**Collected material:**
++++++++++++++++++++

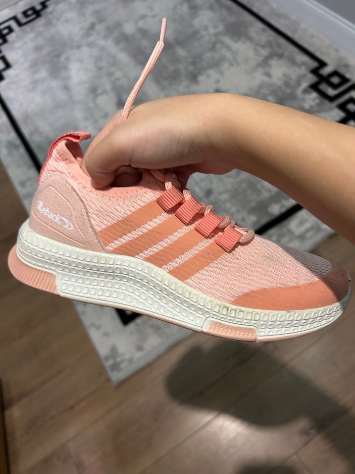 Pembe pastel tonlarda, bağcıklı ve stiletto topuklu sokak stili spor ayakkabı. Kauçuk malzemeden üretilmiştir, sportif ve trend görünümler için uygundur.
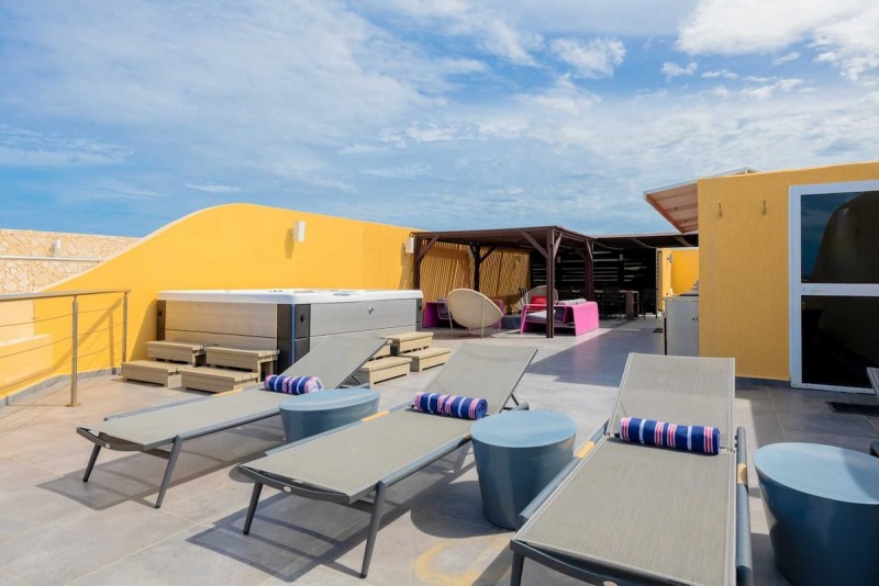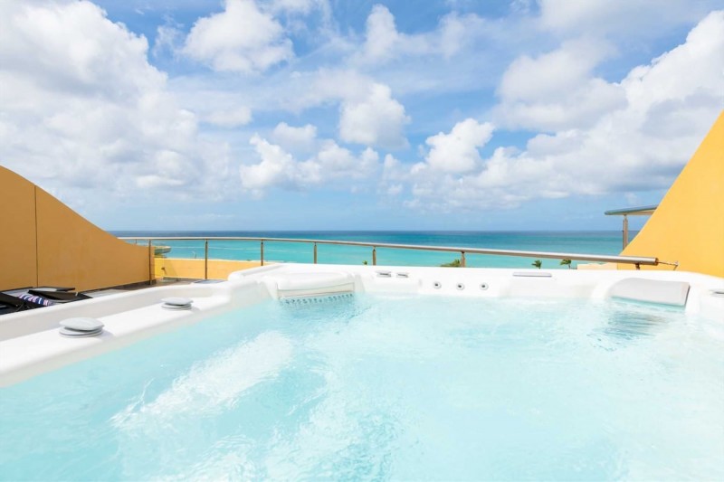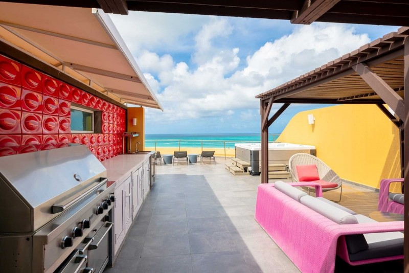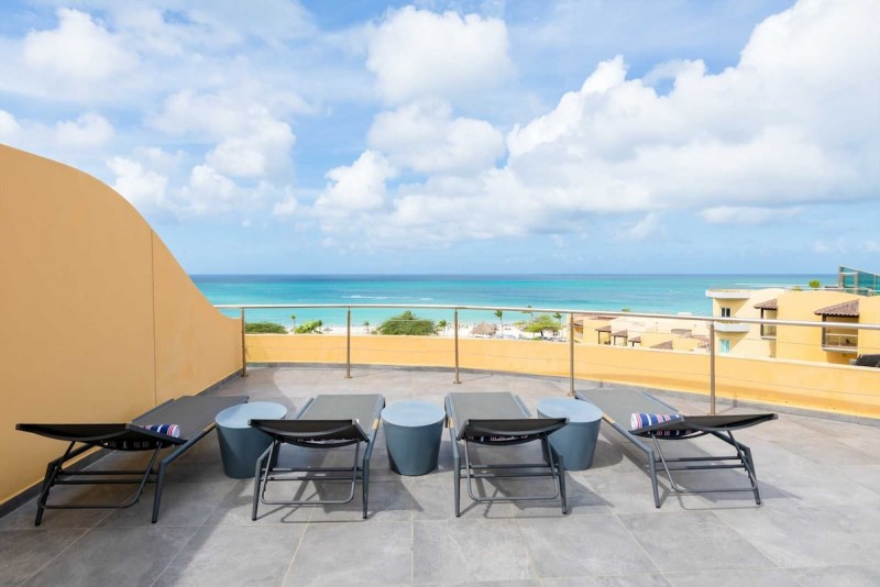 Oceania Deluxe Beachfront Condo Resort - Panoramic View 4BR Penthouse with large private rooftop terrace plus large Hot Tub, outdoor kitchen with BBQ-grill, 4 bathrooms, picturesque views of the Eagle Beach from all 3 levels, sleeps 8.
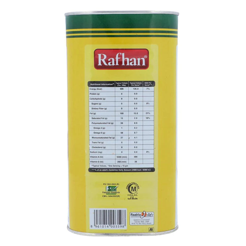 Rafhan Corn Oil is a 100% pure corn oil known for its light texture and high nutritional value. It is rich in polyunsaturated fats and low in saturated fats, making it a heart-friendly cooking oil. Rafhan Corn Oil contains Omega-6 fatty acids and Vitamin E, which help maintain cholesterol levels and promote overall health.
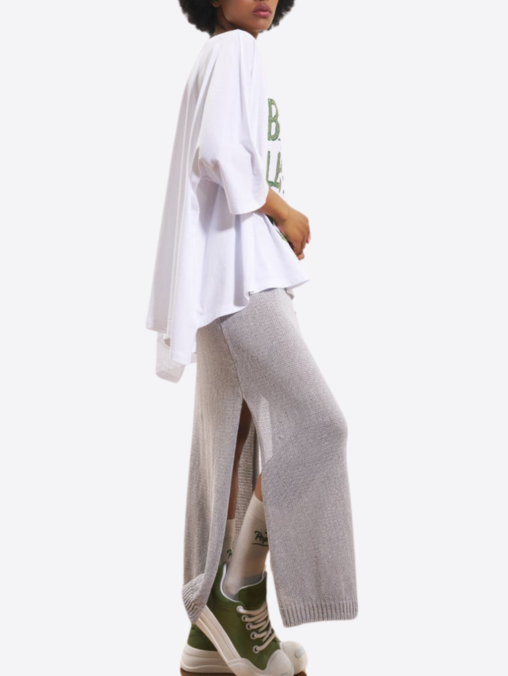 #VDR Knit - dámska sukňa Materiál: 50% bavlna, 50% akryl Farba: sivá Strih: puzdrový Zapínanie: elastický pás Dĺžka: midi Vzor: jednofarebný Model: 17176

++++++++++++++++++++

**What you have to do:** Output all data exactly, omitting images.

**Exercise result:**
 Pembe pastel tonlarda, bağcıklı ve stiletto topuklu sokak stili spor ayakkabı. Kauçuk malzemeden üretilmiştir, sportif ve trend görünümler için uygundur.
 Oceania Deluxe Beachfront Condo Resort - Panoramic View 4BR Penthouse with large private rooftop terrace plus large Hot Tub, outdoor kitchen with BBQ-grill, 4 bathrooms, picturesque views of the Eagle Beach from all 3 levels, sleeps 8.
 Rafhan Corn Oil is a 100% pure corn oil known for its light texture and high nutritional value. It is rich in polyunsaturated fats and low in saturated fats, making it a heart-friendly cooking oil. Rafhan Corn Oil contains Omega-6 fatty acids and Vitamin E, which help maintain cholesterol levels and promote overall health.
 #VDR Knit - dámska sukňa Materiál: 50% bavlna, 50% akryl Farba: sivá Strih: puzdrový Zapínanie: elastický pás Dĺžka: midi Vzor: jednofarebný Model: 17176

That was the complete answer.